# REQUIREMENT
Look below for the line that has "YogKart Natural Papaya"; output exactly from it through the line that has "ラジカセをかたどった布製のオ", and leave the pictures out.

[[ DATA LISTING, beginning ]]

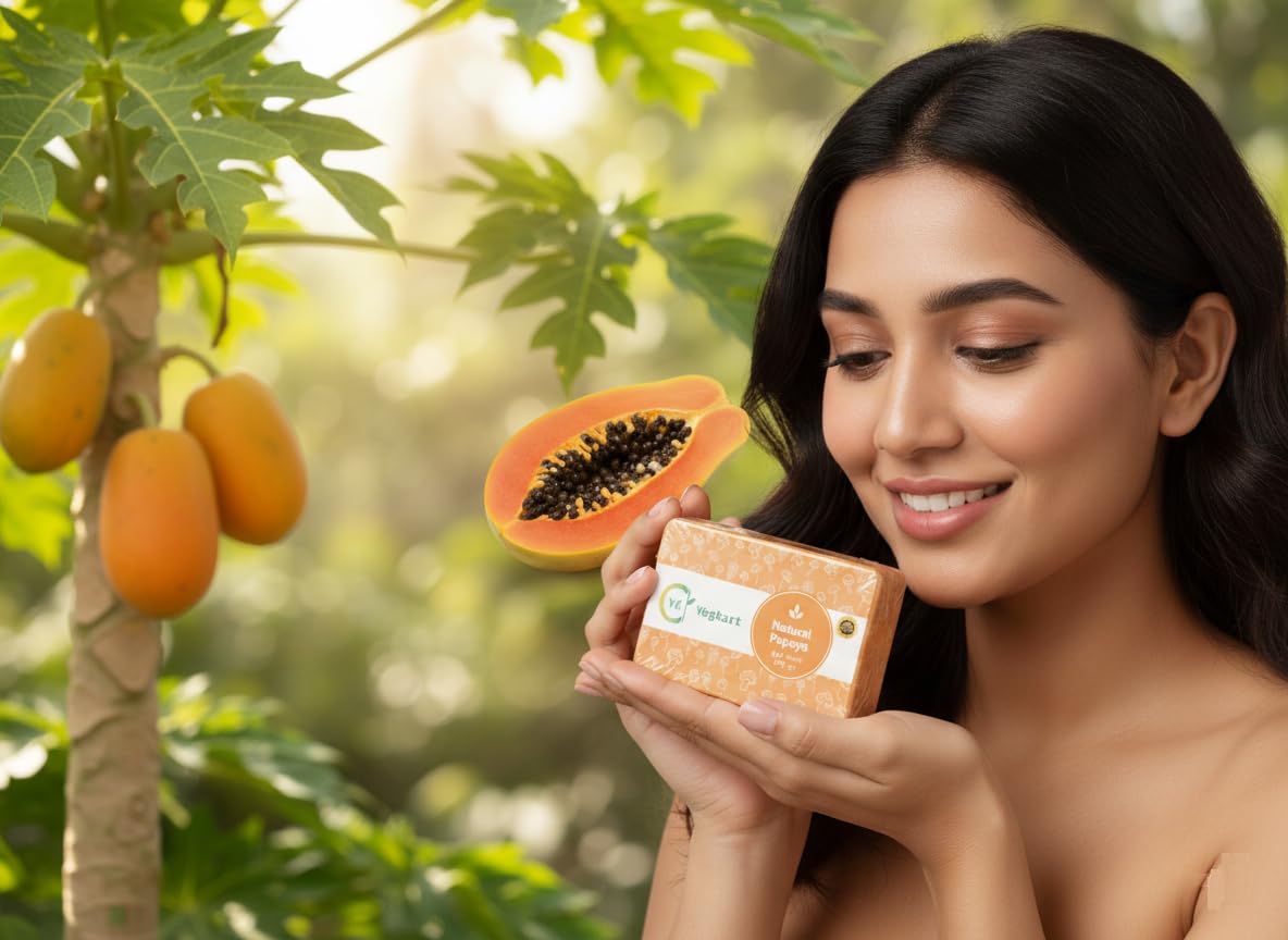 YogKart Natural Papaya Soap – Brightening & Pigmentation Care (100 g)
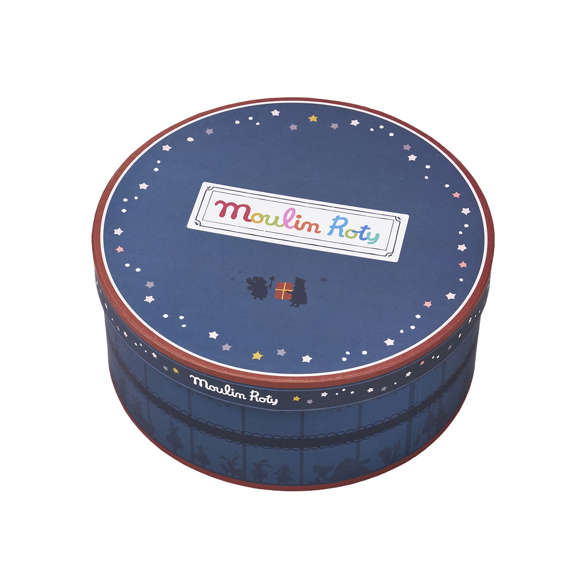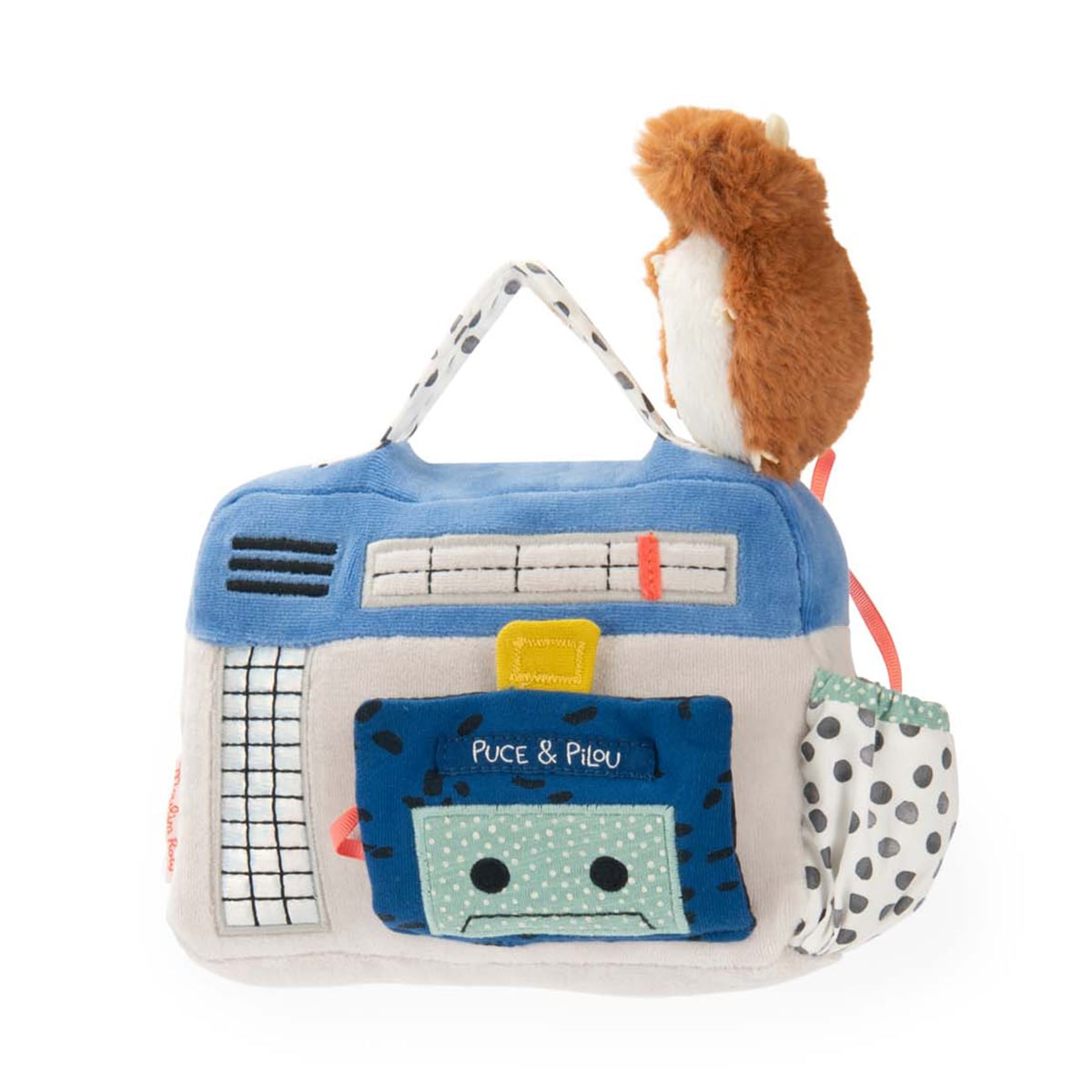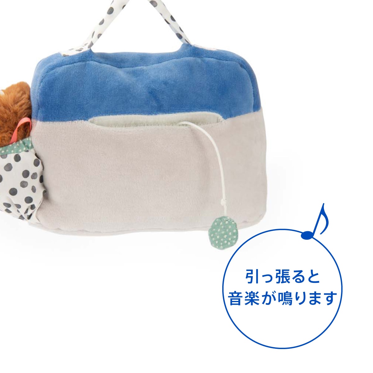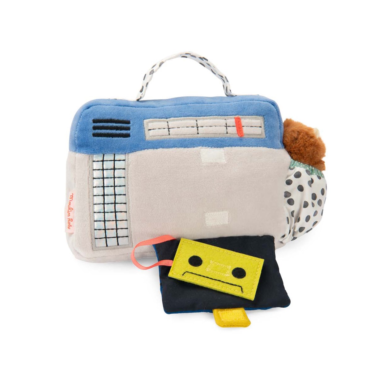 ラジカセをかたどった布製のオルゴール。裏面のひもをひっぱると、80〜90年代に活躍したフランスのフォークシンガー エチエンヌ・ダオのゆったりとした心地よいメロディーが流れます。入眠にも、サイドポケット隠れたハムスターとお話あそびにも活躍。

[[ DATA LISTING, end ]]
[[ DATA LISTING, beginning ]]

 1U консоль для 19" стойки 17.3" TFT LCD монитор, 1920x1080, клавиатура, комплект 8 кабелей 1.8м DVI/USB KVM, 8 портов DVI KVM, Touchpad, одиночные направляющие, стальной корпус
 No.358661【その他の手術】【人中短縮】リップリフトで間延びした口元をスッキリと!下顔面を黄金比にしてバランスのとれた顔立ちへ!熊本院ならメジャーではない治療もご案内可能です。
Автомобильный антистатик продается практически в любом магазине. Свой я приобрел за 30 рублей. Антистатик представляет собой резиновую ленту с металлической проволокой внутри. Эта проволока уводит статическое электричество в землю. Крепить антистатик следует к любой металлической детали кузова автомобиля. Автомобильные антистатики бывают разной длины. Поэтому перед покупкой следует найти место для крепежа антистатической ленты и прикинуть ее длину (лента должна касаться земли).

[[ DATA LISTING, end ]]
[[ DATA LISTING, beginning ]]

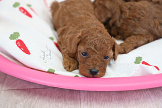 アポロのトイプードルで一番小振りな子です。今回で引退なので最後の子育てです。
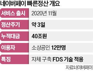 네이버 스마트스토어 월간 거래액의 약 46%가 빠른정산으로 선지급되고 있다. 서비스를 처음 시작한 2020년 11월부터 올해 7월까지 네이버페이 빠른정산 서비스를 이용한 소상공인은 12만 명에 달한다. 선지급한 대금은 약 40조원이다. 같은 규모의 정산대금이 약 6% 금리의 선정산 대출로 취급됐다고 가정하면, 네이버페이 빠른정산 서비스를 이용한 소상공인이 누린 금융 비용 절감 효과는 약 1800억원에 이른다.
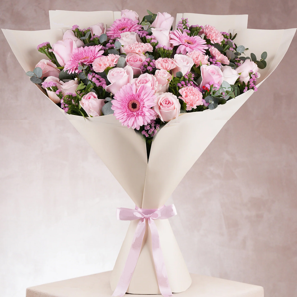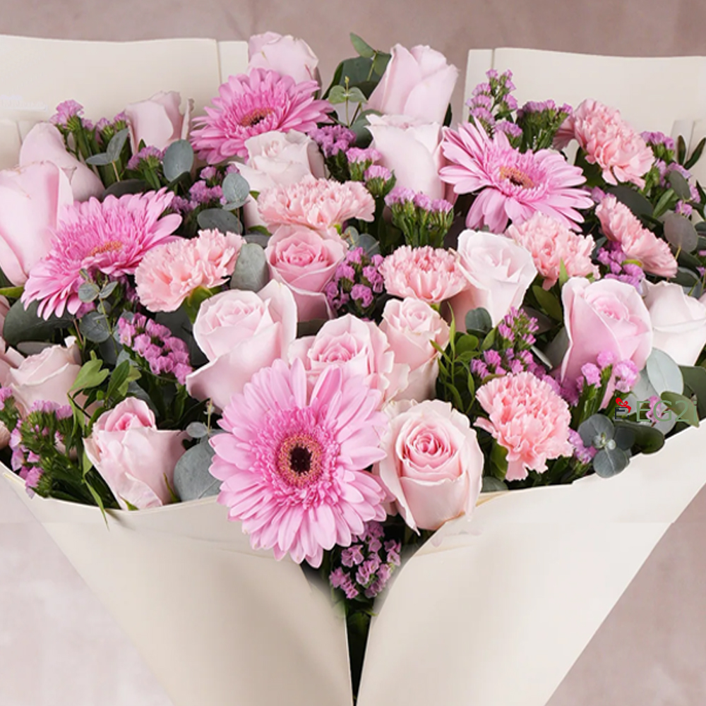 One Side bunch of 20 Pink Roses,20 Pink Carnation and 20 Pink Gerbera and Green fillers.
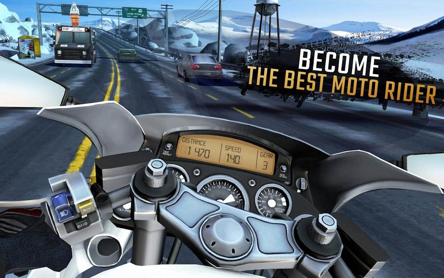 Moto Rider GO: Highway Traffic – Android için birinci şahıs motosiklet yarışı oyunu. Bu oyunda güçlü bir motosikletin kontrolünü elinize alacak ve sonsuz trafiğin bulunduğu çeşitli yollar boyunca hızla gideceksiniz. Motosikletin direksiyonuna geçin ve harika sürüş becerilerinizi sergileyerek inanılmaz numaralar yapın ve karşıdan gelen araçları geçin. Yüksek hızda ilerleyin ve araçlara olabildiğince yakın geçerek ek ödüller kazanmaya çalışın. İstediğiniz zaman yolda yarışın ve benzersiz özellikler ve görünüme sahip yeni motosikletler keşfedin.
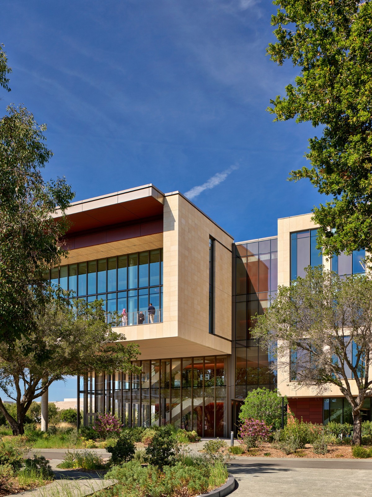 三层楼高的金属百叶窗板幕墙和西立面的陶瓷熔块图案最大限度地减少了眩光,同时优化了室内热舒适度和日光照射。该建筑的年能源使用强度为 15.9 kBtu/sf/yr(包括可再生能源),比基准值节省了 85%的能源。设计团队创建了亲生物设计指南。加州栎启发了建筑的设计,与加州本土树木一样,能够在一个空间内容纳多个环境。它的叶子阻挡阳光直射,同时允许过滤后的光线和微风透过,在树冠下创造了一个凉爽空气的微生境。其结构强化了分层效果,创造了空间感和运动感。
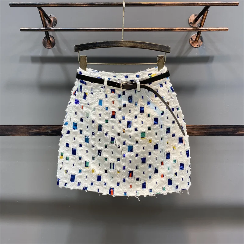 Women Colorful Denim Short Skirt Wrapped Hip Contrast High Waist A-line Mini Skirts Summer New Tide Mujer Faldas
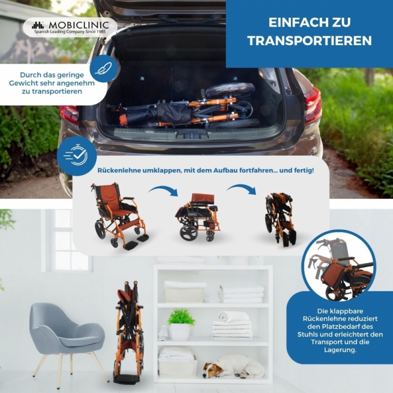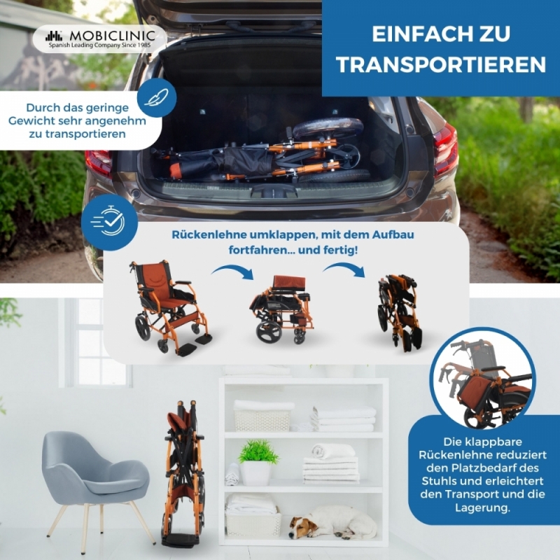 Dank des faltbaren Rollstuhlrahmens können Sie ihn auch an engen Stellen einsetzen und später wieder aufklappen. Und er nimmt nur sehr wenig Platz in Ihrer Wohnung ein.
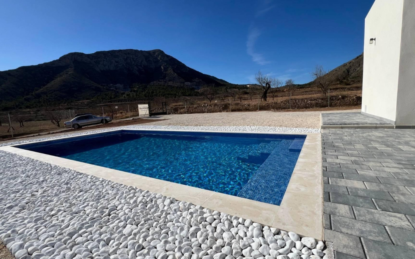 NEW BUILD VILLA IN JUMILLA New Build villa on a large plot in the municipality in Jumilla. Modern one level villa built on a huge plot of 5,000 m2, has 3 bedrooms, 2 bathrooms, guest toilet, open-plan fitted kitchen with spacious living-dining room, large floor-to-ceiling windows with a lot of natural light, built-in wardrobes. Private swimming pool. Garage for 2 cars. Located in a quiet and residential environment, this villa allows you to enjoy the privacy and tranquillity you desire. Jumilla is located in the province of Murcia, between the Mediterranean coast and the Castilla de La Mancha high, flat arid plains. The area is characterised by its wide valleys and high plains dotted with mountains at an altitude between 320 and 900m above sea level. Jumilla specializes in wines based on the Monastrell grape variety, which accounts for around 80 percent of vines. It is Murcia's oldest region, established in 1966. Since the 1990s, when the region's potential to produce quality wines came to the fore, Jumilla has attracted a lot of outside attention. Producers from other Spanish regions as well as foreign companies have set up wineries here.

[[ DATA LISTING, end ]]

# WRITTEN RESPONSE
 YogKart Natural Papaya Soap – Brightening & Pigmentation Care (100 g)
 ラジカセをかたどった布製のオルゴール。裏面のひもをひっぱると、80〜90年代に活躍したフランスのフォークシンガー エチエンヌ・ダオのゆったりとした心地よいメロディーが流れます。入眠にも、サイドポケット隠れたハムスターとお話あそびにも活躍。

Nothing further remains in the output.